▶ Task material:
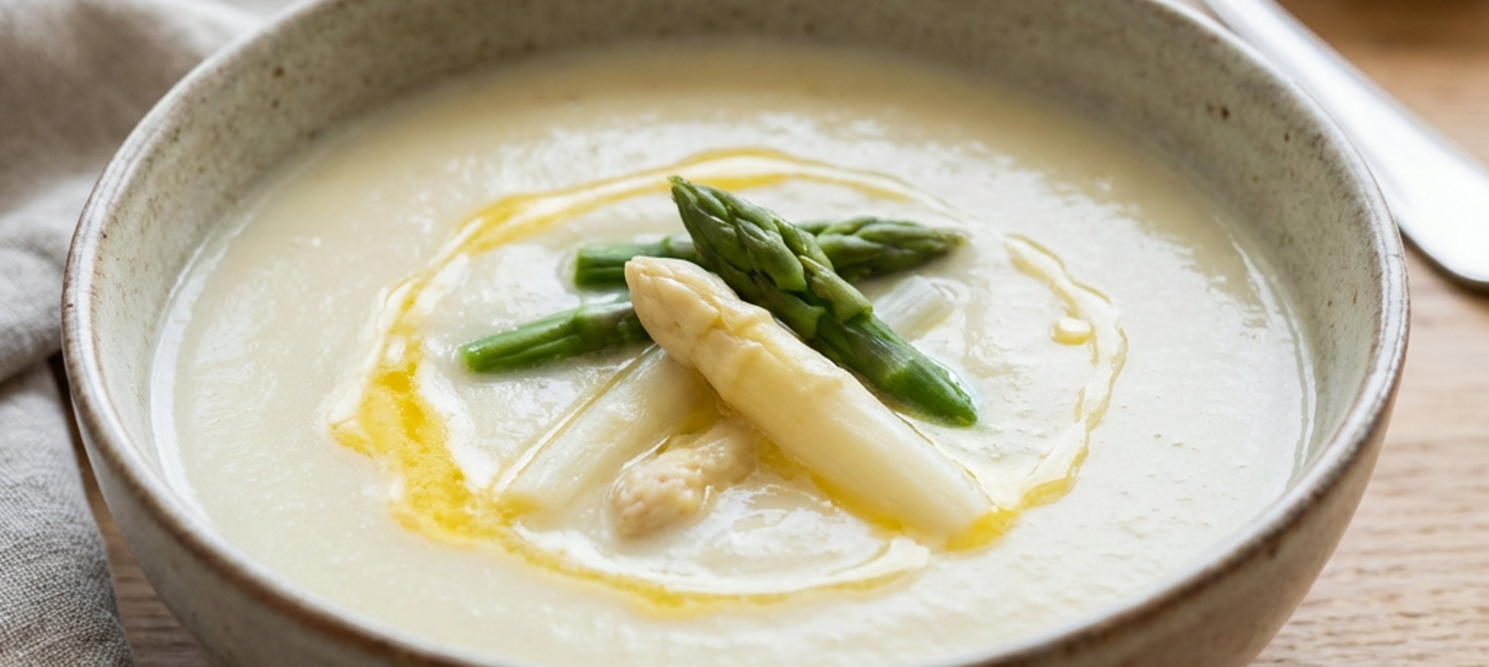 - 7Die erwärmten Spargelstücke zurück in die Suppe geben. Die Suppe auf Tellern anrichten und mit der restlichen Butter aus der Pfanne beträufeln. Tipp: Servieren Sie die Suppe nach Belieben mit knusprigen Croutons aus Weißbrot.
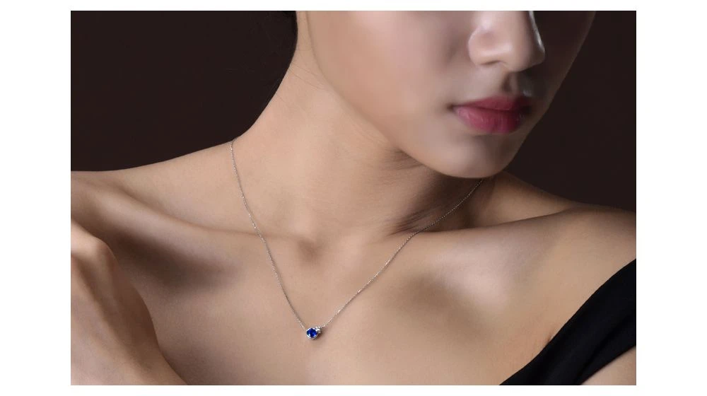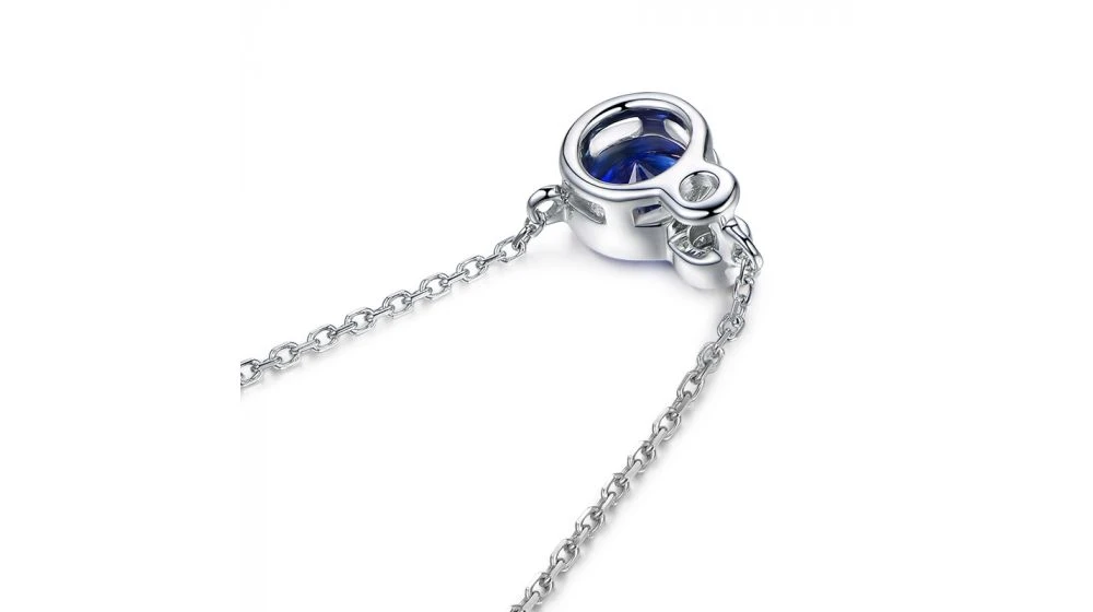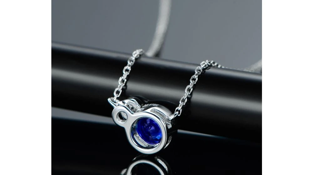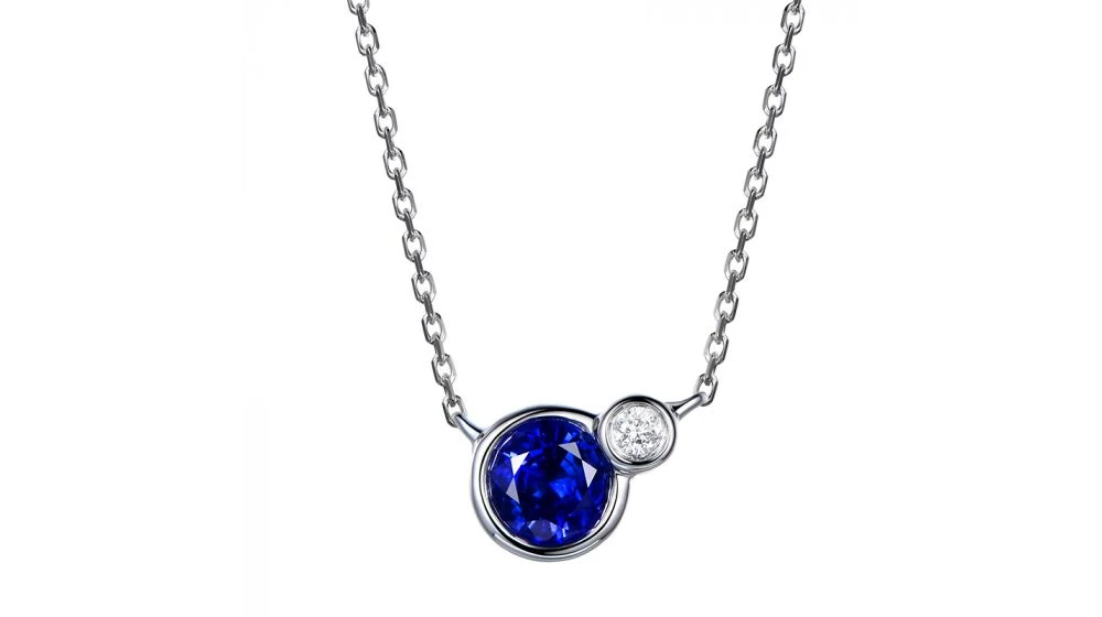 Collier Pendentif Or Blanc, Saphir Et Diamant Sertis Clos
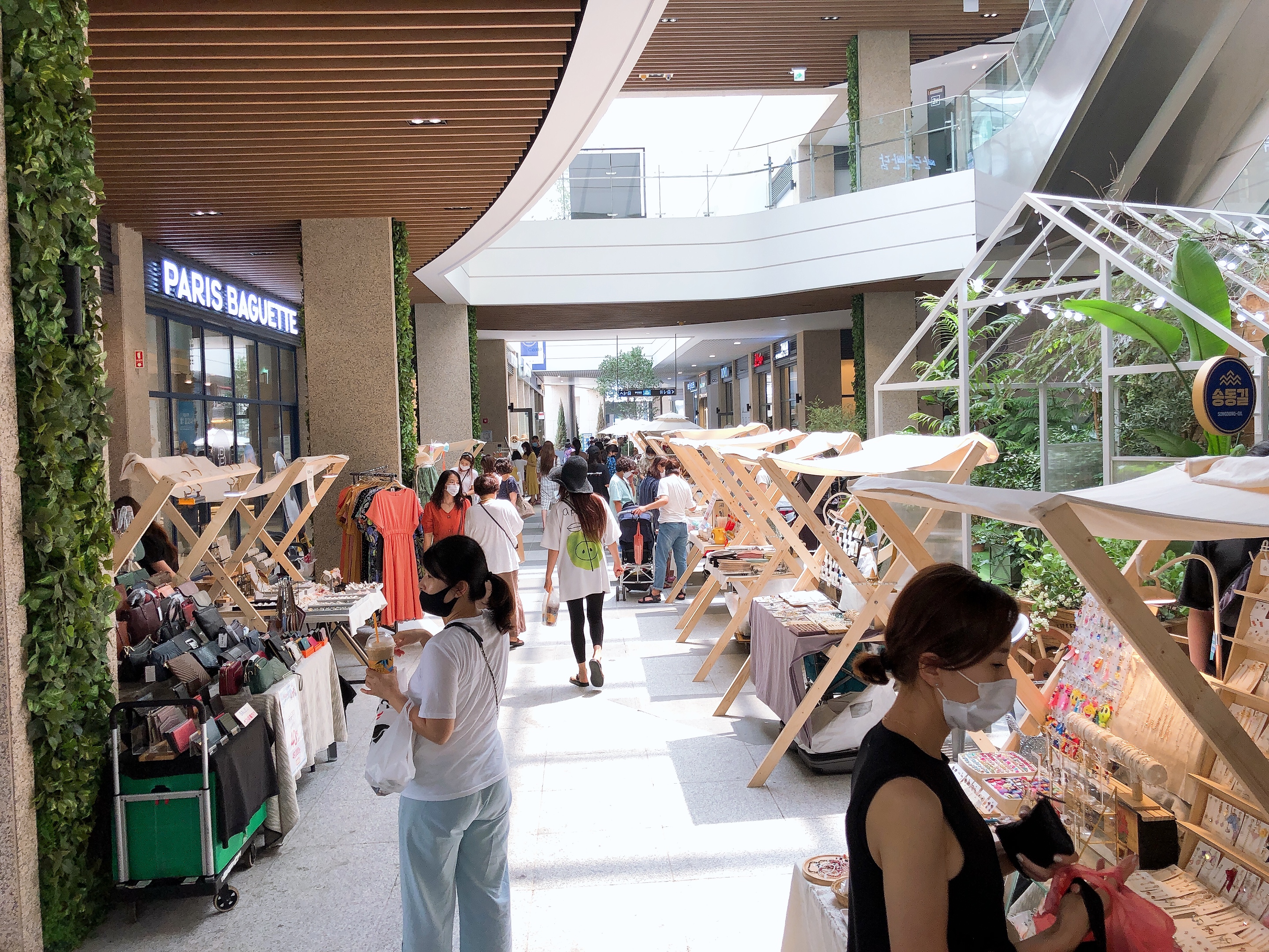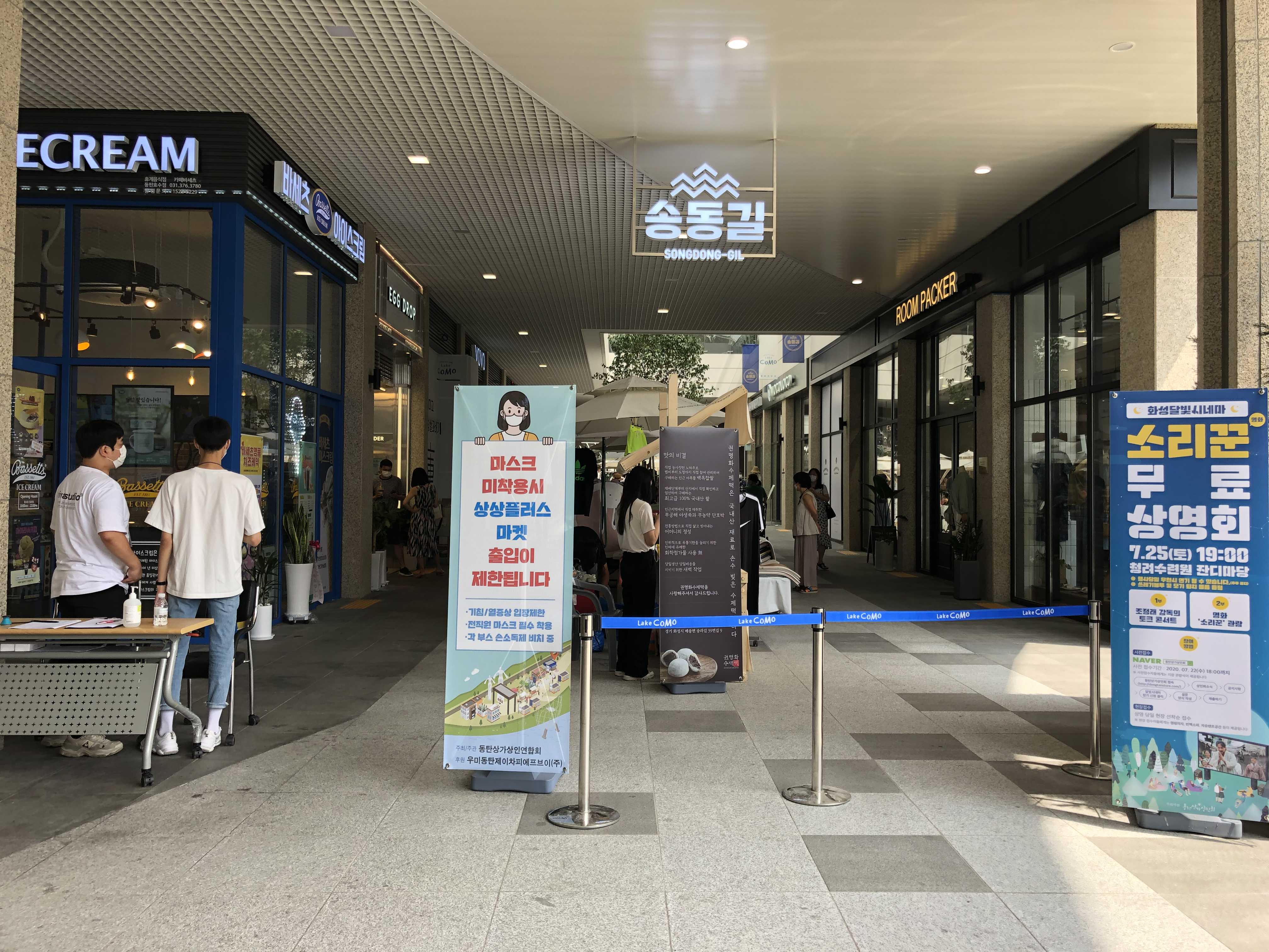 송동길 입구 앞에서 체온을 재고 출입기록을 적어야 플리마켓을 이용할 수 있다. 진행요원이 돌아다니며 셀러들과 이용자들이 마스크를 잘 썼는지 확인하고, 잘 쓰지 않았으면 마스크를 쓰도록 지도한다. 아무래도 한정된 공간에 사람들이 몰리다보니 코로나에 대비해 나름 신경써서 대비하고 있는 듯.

* * *

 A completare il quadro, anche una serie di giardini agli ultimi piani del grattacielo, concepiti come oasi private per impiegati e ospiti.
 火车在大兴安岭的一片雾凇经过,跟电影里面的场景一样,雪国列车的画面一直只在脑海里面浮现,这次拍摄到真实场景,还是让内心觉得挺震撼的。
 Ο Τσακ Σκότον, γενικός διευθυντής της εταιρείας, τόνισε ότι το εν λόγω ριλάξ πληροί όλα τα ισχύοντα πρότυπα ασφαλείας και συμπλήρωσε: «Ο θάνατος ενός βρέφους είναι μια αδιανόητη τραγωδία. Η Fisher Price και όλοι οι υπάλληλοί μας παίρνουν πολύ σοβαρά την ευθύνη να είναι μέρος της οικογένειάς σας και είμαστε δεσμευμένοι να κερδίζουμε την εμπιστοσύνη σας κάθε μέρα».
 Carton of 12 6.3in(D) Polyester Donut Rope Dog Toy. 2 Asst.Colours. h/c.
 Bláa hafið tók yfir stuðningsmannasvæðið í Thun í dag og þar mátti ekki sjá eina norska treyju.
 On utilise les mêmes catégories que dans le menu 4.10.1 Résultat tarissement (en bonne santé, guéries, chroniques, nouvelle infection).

▶ Exercise aim: Reproduce exactly the stretch of the material above that starts at the line with "火车在大兴安岭的一片雾凇经过" and ends at the line with "On utilise les", both included, and nothing else.

▶ Task response:
 火车在大兴安岭的一片雾凇经过,跟电影里面的场景一样,雪国列车的画面一直只在脑海里面浮现,这次拍摄到真实场景,还是让内心觉得挺震撼的。
 Ο Τσακ Σκότον, γενικός διευθυντής της εταιρείας, τόνισε ότι το εν λόγω ριλάξ πληροί όλα τα ισχύοντα πρότυπα ασφαλείας και συμπλήρωσε: «Ο θάνατος ενός βρέφους είναι μια αδιανόητη τραγωδία. Η Fisher Price και όλοι οι υπάλληλοί μας παίρνουν πολύ σοβαρά την ευθύνη να είναι μέρος της οικογένειάς σας και είμαστε δεσμευμένοι να κερδίζουμε την εμπιστοσύνη σας κάθε μέρα».
 Carton of 12 6.3in(D) Polyester Donut Rope Dog Toy. 2 Asst.Colours. h/c.
 Bláa hafið tók yfir stuðningsmannasvæðið í Thun í dag og þar mátti ekki sjá eina norska treyju.
 On utilise les mêmes catégories que dans le menu 4.10.1 Résultat tarissement (en bonne santé, guéries, chroniques, nouvelle infection).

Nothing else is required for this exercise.